Forty-four people were injured in the Khyber Pakhtunkhwa region, officials said, and 19 houses were partially damaged, Abdul Basit, a senior official in the Khyber Pakhtunkhwa government told Reuters.

In Afghanistan, at least 50 people were injured.

Tremors were felt in the northern parts of Pakistan, in cities like Rawal­pindi, Islamabad, Mansehra, Abbottabad, Muzaffarabad, Peshawar, Haripur, Mardan, Chitral, Charsadda and others, where no loss of life was immediately reported.

“These terrified people collapsed, and some of them collapsed because of the shock of the earthquake,” Mr Basit said.

Pakistani prime minister Shahbaz Sharif ordered disaster management officials to remain vigilant to handle any situation in a statement to authorities.

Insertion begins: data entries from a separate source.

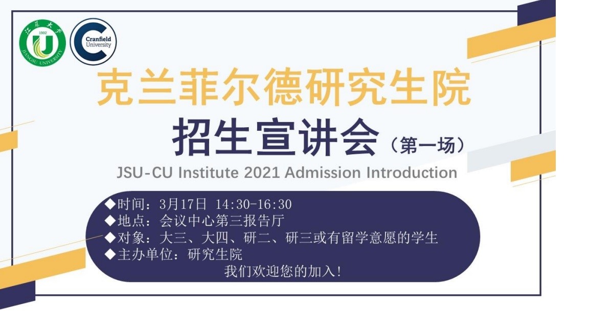 和英国 克兰菲尔德大学合作举办。克兰菲尔德研究生院2021年3月开始第一期招生,2021年9月正式开学。为增进广大师生对相关博士、硕士项目的了解,研究生 院特此举办招生宣讲会,具体将针对招生项目、招生计划、培养模式、课程模式、 中英导师联合指导模式、毕业要求、学历与学位认证、学费收取等内容进行宣讲, 并现场解答师生的相关问题。
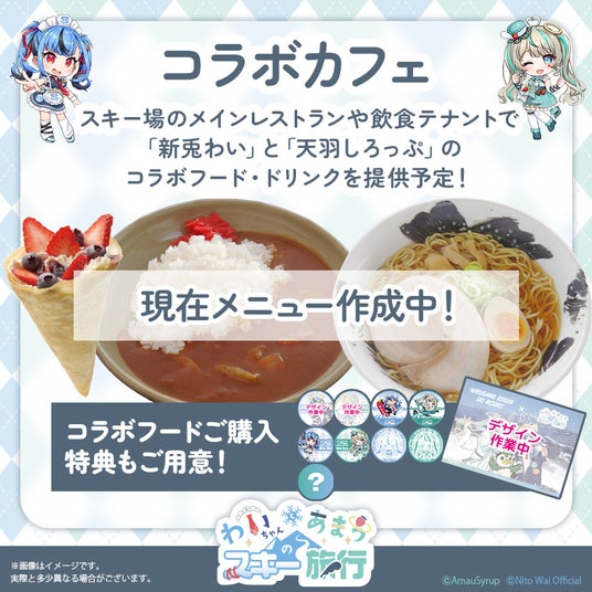 スキー場のメインレストランや飲食テナントで「新兎わい」と「天羽しろっぷ」のコラボフード・ドリンクを提供。
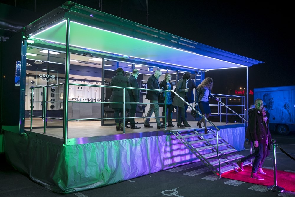 Niezwykły wieczór w Rzeszowie przygotowała dla architektów firma Grohe i BOZ. Przy ul. Geodetów, przed Salonem Łazienek BOZ stanął naszpikowany najnowszą technologią TIR Grohe. Jak w filmie Transformers – po naciśnięciu kilku guzików – przeobraził się w nowoczesny salon z ruchomymi drzwiami i ekspozycją pełną hitów Grohe. Z kranów leciała gazowana woda i każdy mógł sprawdzić jak działa myjąca toaleta. Doskonałość produktów szła w parze z atrakcjami gali i występem Anny „Boskiej” Filipowskiej. Pokaz na kielichu wody w wykonaniu akrobatki znanej z finału „Mam Talent” był równie perfekcyjny jak łazienkowe rozwiązania marki Grohe.
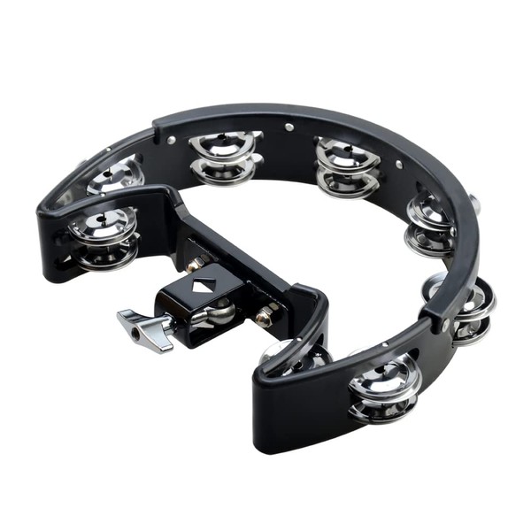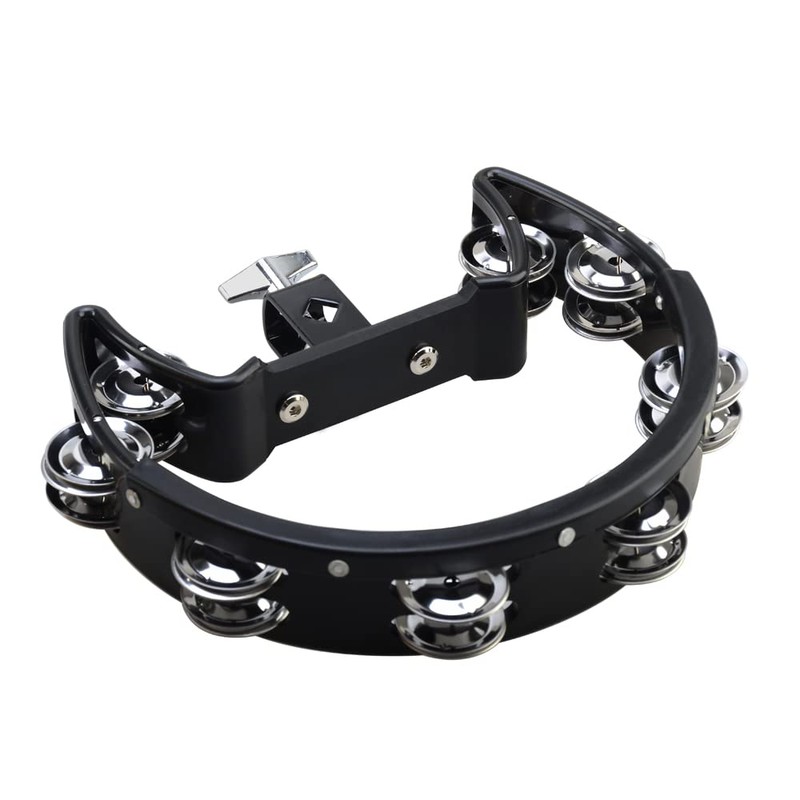 Mounted Tambourine,Drum Set Tambourine with Mounting Eye Bolt,Hi Hat Tambourine,Mountable Tambourine (8 double rows of jingles, Black)
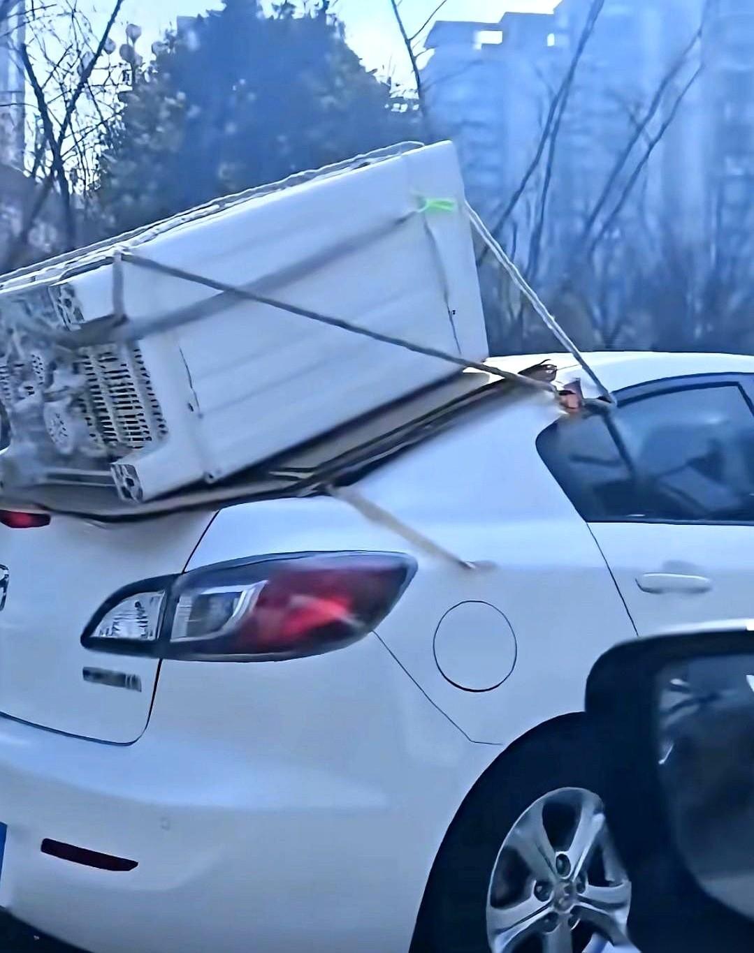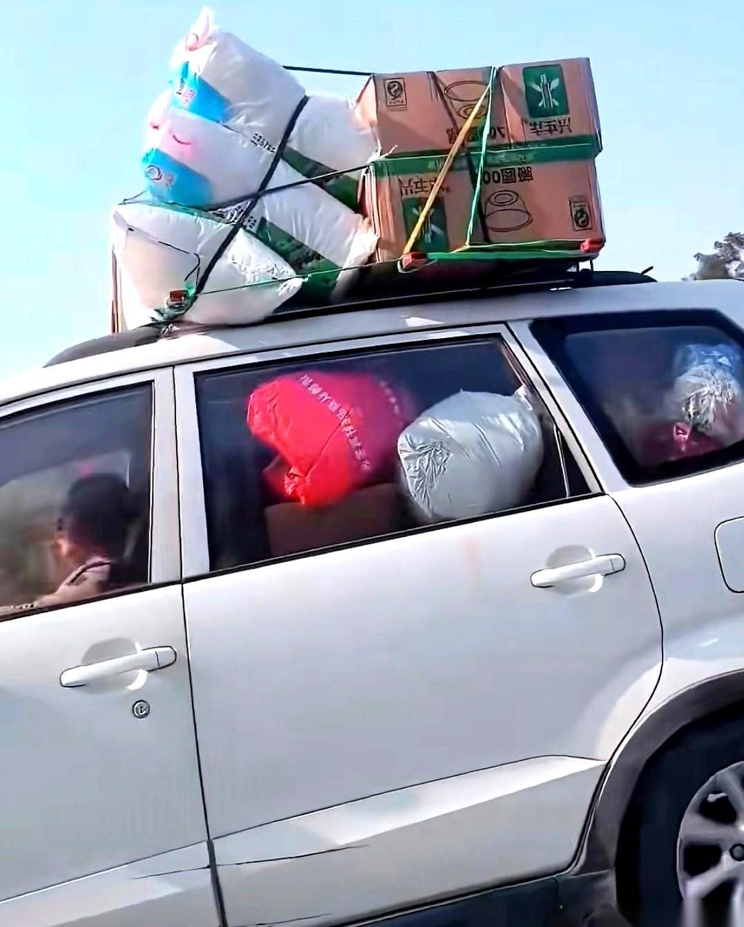 临近过年,高速上总能看到一些让人挪不开眼的车。 一辆小轿车,车顶用绳子横着绑了一大捆甘蔗,宽度早就超了车身,就这么一路呼啸着往前冲。 你以为这就到头了?后面紧跟着一辆,车顶上是张发黄的旧床垫,四个角被尼龙绳勒到快要变形,好像生怕服务区的风大一点,就直接被掀飞了。 更绝的是驮着洗衣机的,连着底座,用被子裹着,在车顶上摇摇晃晃,看得人心都跟着晃。 有人说,那捆甘蔗,是专门从几千里外的南方拉回去的,就为了让家里一年没见的孩子们啃口新鲜的。 而那张床垫、那台洗衣机,就是一种无声的宣告:这是我在外面打拼的家当,哪怕再重再远,一针一线我也要带走,绝不便宜了任何人。 这车顶上驮着的,哪是东西,分明是一整年在外的奔波,和对家最后一点倔强的念想。就是不知道,这算不算违章?
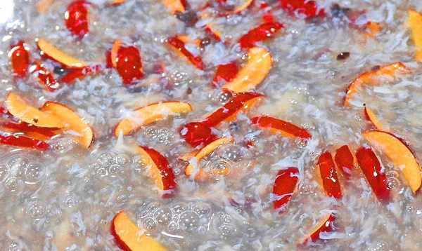 2、锅内加入适量的水,加入30克白糖,待水开后,倒入黑米和红枣,转动勺子几下,加入一勺水淀粉,煮至汤汁浓稠粘稠,起锅离火。
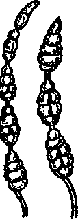 У грибов рода альтернария (Altemaria) мицелий обычно окрашен в оливковые или оливково-бурые тона, нередко в молодом возрасте бесцветный. Конидиеносцы простые одиночные или в пучках. Конидии многоклеточные, темноокрашенные, обратнояйцевидные или обратнобулавовидные, с поперечными или продольными перегородками, одиночные или собраны в цепочки. У вершины вытянуты в более светлую шейку, часто с поперечными перегородками, нередко нитевидными (рис. 2.53). Строение и форма конидий служат основным систематическим признаком

The earthquake also shook the mountainous Gilgit-Baltistan region, where landslides triggered by the earthquake caused the death of livestock, reported the Dawn newspaper.

Sharafat Zaman Amar, the Taliban’s appointed spokesperson for the public health ministry, said two people were killed in the eastern province of Laghman.

“Unfortunately, there could be more casualties as the quake was so powerful in most parts of the country,” Mr Zaman Amar said.

Tremors were also felt in Afghanistan’s capital Kabul.

Huge parts of south Asia are seismically active because a tectonic plate known as the Indian plate is pushing north into the Eurasian plate.

Last year, more than 1,000 people were killed in eastern Afghanistan after a 6.1-magnitude earthquake.